You don’t have to be a Silver Lake hipster or film-school student to get the references in this genre mash-up, a substanceless murder mystery set among the aspiring filmmakers and struggling musicians of northeastern Los Angeles. “The Scenesters” revels in winks about the city and the indie film biz, yet its surface-level blend of noir, vérité and “CSI” forensics is usually engaging.

Setting the tone of affectionate mockery is the faux trailer that opens the movie, a spot-on sendup of mumblecore navel gazing. The preview is for a film by Wallace Cotten, a self-serious young auteur who’s well played by writer-director Todd Berger. Through his gig as a videographer for the LAPD, Wallace crosses paths with Charlie Newton (Blaise Miller), a singer-songwriter and crime-scene cleanup technician. Charlie, whom Miller invests with a low-key spark beyond the merely relatable, catches details the self-involved police investigators miss, signs that point to a serial killer.

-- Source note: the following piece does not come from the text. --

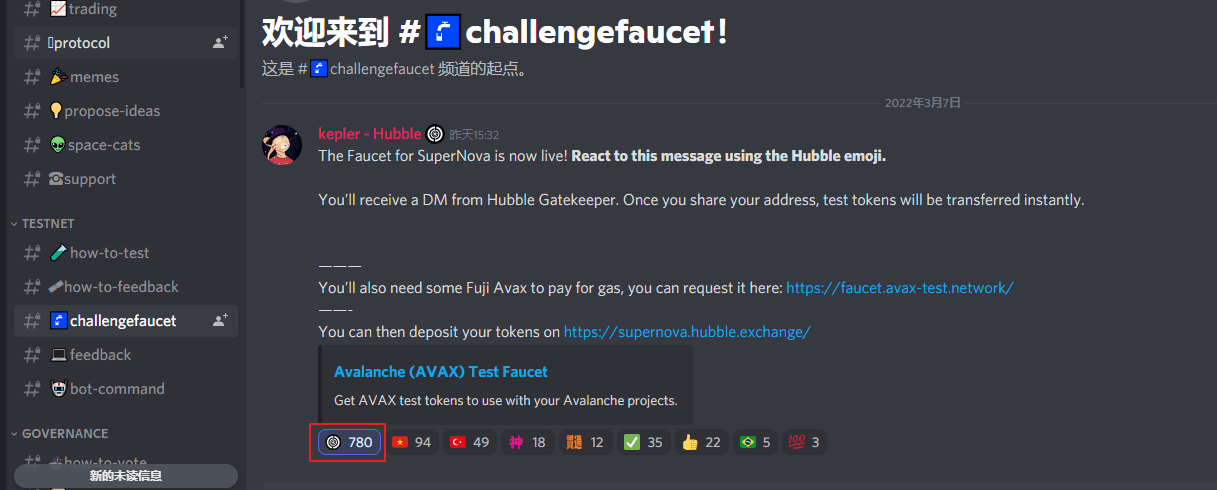加入官方discord社区,来到#🚰challengefaucet频道点击表情(请提前开启隐私设置,允许私聊)

Wallace and his smug-without-reason producer (Jeff Grace) embark on a docu-thriller about Charlie, complete with black and white cinematography, voice-over narration and fedora, all while withholding evidence from the clueless cops. Sherilyn Fenn’s prosecutor ( John Landis cameos as the judge) interrogates the characters after the main events, guiding the story and, more to the point, prompting a number of films-within-the-film: a making-of, a music video, a training video and surveillance video. Audiences will shrug at the mystery’s solution but likely will be eager to see what Berger & Co. do next.

“The Scenesters.” MPAA rating: Unrated. Running time: 1 hour, 41 minutes. Playing at the Downtown Independent, Los Angeles.